A 48-year-old man reports progressive exercise intolerance, shortness of breath, fatigue, and melena over the past month. He has a long history of Raynaud phenomenon, and 5 months ago he developed severe sclerodactyly in both hands, diagnosed as limited cutaneous systemic sclerosis (scleroderma).
He has no chest pain, swelling of the lower limbs, change in weight, cough, fever, chills, or sick contacts, and he has not traveled recently.
His symptoms began as fatigue and shortness of breath, which worsened until he began having episodes of abdominal pain with melena and dizzy spills, although he never passed out.
He is currently taking long-term low-dose prednisone and mycophenolate mofetil (Cell-Cept) for the systemic sclerosis, and omeprazole (Prilosec) for gastroesophageal reflux. His father had lupus, and his grandmother had colon cancer.
An outpatient workup for sclerosis-related lung and heart involvement is negative. The workup includes computed tomography of the chest, pulmonary function tests, and Doppler echocardiography.
He is afebrile, with a blood pressure of 105/60 mm Hg and a pulse of 98. His cardiopulmonary examination results are normal. He has mild epigastric tenderness without rebound or guarding. His hemoglobin concentration at the time of hospital admission is 7.8 g/dL, down from 14.5 g/dL recorded when limited cutaneous systemic sclerosis was diagnosed. Iron studies reveal iron deficiency.

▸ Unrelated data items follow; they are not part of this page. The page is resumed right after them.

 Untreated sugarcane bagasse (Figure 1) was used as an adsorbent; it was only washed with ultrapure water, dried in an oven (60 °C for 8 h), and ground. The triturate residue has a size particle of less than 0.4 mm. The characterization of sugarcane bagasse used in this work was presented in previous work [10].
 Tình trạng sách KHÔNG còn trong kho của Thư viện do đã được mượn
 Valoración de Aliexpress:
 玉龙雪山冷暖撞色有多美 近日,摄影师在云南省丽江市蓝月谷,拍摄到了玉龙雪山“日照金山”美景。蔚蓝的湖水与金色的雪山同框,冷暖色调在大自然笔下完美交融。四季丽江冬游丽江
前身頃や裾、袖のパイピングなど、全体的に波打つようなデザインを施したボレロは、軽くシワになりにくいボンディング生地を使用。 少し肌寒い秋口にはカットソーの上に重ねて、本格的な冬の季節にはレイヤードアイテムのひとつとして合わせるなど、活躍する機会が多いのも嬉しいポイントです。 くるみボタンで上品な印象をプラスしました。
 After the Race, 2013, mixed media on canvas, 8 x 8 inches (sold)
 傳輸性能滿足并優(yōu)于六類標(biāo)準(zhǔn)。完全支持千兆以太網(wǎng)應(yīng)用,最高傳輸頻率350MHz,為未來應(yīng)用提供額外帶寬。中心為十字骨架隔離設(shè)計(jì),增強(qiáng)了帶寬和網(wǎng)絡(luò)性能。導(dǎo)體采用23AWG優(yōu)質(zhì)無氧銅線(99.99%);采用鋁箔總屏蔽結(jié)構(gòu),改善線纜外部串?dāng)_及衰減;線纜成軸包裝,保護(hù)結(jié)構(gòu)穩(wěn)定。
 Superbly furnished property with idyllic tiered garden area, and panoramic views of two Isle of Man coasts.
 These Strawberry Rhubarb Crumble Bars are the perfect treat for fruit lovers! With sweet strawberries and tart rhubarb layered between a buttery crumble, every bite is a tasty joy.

The antral ectasia is treated with argon plasma coagulation during the endoscopic examination.
Afterward, the patient's hemoglobin stabilizes, and the melena resolves. He is discharged on an oral proton pump inhibitor, with instructions to follow up for another endoscopic session in 1 month.
GASTROINTESTINAL FEATURES OF SYSTEMIC SCLEROSIS
Sclerodermal disorders have diverse manifestations that always include characteristic cutaneous signs. While there are several well-recognized symptomatic conditions commonly associated with scleroderma, attention must also be paid to the less common causes of these symptoms. Scleroderma has gastrointestinal complications that can easily be missed and may not respond to immunomodulatory or proton pump inhibitor therapy: complications can include esophageal dysmotility, hypomotility, gastric paresis, reflux esophagitis, strictures, drug-related ulcer, malabsorption, bacterial overgrowth, and pseudo-obstruction.1
This patient had an underrecognized cause of dyspnea in the setting of systemic sclerosis. Vascular symptoms of limited cutaneous systemic sclerosis are typically attributed to Raynaud phenomenon; gastrointestinal symptoms are typically attributed to esophageal dysmotility; and associated dyspnea is often considered to represent pulmonary or cardiac involvement of the sclerosis. However, gastric antral vascular ectasia should be considered in any patient with scleroderma and evidence of anemia.
The prevalence of gastric antral vascular ectasia in patients with systemic sclerosis is estimated to be about 6%.2–4 It is a relatively rare cause of upper gastrointestinal blood loss that can be clinically silent until the patient develops severe iron deficiency anemia and symptoms of dyspnea, fatigue, or congestive heart failure.
Gastric antral vascular ectasia in scleroderma usually presents as iron deficiency anemia, and only presents overtly as hematemesis or melena 10% to 14% of the time.4 Because of the often occult nature of the bleeding, the condition may be clinically silent in the early phase. Symptoms of shortness of breath and fatigue may not develop until the anemia worsens rapidly or becomes severe. Anemia is present in almost all cases of gastric antral vascular ectasia (96% to 100%) and should be a strong clinical clue for early endoscopic evaluation in patients with scleroderma, especially if there is already suspicion of upper gastrointestinal bleeding.2–5
The distinctive endoscopic streaky pattern of ectasia along the stomach antrum seen in gastric antral vascular ectasia is called “watermelon stomach”4,5 because the striped pattern recalls the stripes of a watermelon. The endoscopic appearance can vary, however, from the watermelon pattern to a coalescence of angiodysplastic lesions termed “honeycomb stomach,” which can easily be mistaken for antral gastritis.4,5 Therefore, biopsy often serves to confirm the diagnosis, with histologic features including dilated mucosal capillaries with focal fibrin thrombosis and fibromuscular hyperplasia of the lamina propria.
Gastric antral vascular ectasia often requires multiple transfusions of red blood cells, as well as repeated treatments with endoscopic argon plasma coagulation, whereby ionized argon gas is used to conduct an electric current that coagulates the surface of the mucosa to a few millimeters depth.4–6
A knowledge of the association between scleroderma and gastric antral vascular ectasia can lead to earlier recognition and treatment and can avoid unnecessary testing and complications of severe anemia.